We want to share real stories, from real women. Your voice is so important – and we want to help you feel heard.
STORIES LIKE YOURS
Gabi's Story (Indiana)
“I didn’t like where my life was going….I met the father of my child on Christmas Eve. He started getting really possessive and really angry with me…I was just like, we need to break up… Probably a week or two later, I felt weird. I took a pregnancy test at my friend’s house, and I was on her bathroom floor and I was like ‘oh my God. My life has ended. I was not even able to take care of myself, let alone another human being.’ I had no support system, no hope. I didn’t know what to do. But I heard about Matrix in . I told her (the counselor) that I missed the cutoff to get an abortion, so I made an appointment in Chicago to get an abortion… but going on the bus, seeing him, completely turned my life around. A whole 180. I started doing my prenatal care. I quit smoking. I quit drinking. I started eating healthy. I got a new job. Things were finally starting to look up…. I was induced and had him the following morning. I fell in love for the first time in my whole life.”
Beth's Story (Colorado)
“Even though I grew up conservative, and abortion and being pro-life was always really big for me…I never had to really deal with those convictions until I was faced with the idea that maybe I wasn’t as pro-life as I always thought I was. I contemplated calling an abortion clinic multiple times. I wished for a miscarriage because I thought that would make all the problems go away…The minute I heard his heartbeat…everything changed. All of sudden, it was me and this other little person…Having him has been the most amazing experience in the world. “Today I have two children. They are my greatest gifts. My best adventure.”
Hannah's Story (Tennessee)
“When I found out I was pregnant, it was really hard for me to understand, like, what to do now? Everyone around me was telling me to just get an abortion. It only takes like three hours and you’ll be on your feet in no time. You’ll be fine. But my first ultrasound is when it really hit me: it’s not just a fetus. It is a baby.”
D’s Story (California)
“I actually had an abortion. I was young at the time and the thing was to “eliminate” the child. My family said that was the best decision. But I’m telling you, my boyfriend at the time did not want me to have that (abortion.) When I had it done, it was procedural. No ultrasound. I think if I saw that, heard that, it would have been real to me. I’ll tell you, to this day, there isn’t a day that goes by that I don’t think of that child.”
“After several months of waiting, Miss Libby arrived and I got to be in the hospital room right along side her birth mama. It was such an amazing experience that I will never forget or take for granted.
Watching another woman give birth to her baby and then giving her to another woman to care for is one of the hardest and most selfless things anyone could do. I have incredible respect for birth mothers for choosing a better life for their babies, one that they will never know. A second chance for their baby, the love of their life even if it isn’t one where they get to hold and love them.
Everyone’s adoption process is different but one thing is for sure, the blessing in the end is beyond what you could ever imagine and the things that you go through help change and grow you to be a stronger and better person which I am so thankful for.”
“In 1990 I was an unmarried mom. I already had a 12 year old daughter and a 8 month old baby. At the time, I thought I was just fat. I looked in the mirror one day and knew my stomach was an odd shape. I was pregnant. I was in a very abusive relationship so I went to an abortion doctor. I told him I already had two children and I was in an abusive relationship. He agreed to do it. He said he was going to give me a shot and I would come in the next day for the second half of the procedure.
I got on the table and lay there. He was getting ready to give me a shot that would soften my cervix for him to do the abortion the next day. In that moment I thought, it doesn’t matter how awful my life is, I just can’t do it. During the exam he told me I was 19 weeks pregnant. I knew enough to know that in about another month that baby could live outside the womb. Because of this pregnancy, I ended up leaving my abusive relationship and taking my other two children into hiding. My son was born with a smile on his face. He just celebrated his 26th birthday on May 9th.

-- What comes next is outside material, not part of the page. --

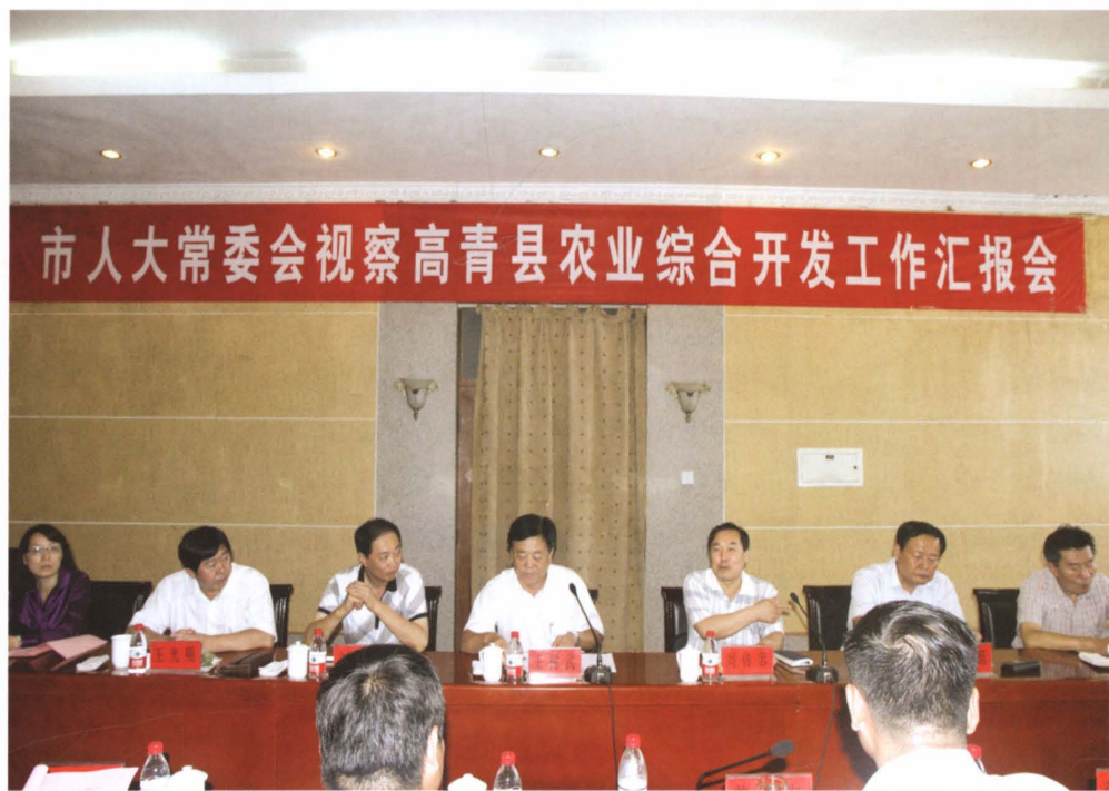
淄博市人大常委会副主任王树武（左四）视察高青农业综合开发工作

When I look at my son today, he is such a beautiful soul and everyone loves him. Since Kent was born he’s always had this beautiful smile. He was born 6 days after my own birthday and after he was born, life got better. At the time I was in an abusive relationship, working at an awful minimum wage job and didn’t know what to do. But people helped me. We lived in an empty apartment without furniture for 6 months. Today, I’ve become somebody because when I was at the point of giving up, I didn’t.

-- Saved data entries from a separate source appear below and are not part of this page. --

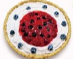
ベリー タルト 単品350円(税込385円)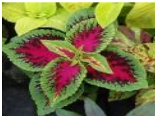
Koleus Blumego odmiana 'Rose'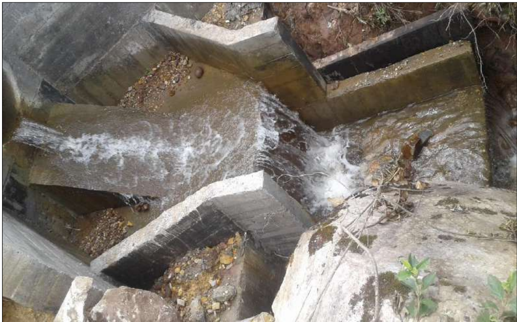
Funcionamiento de la alcantarilla con sisipador

It’s really important that no matter the situation someone is in, organizations give them options. They need to be able to make a decision based on factual information and resources. I’m so glad that I changed my mind that day. I was on the table and the doctor had the needle in his hand. I was seconds away from aborting my son. I never thought I’d ever tell anyone this story. His life is not only a gift to me, but to the world. It’s so important that women don’t make decisions out of fear or not having resources and information. The more education, support, and resources you have makes your life easier.”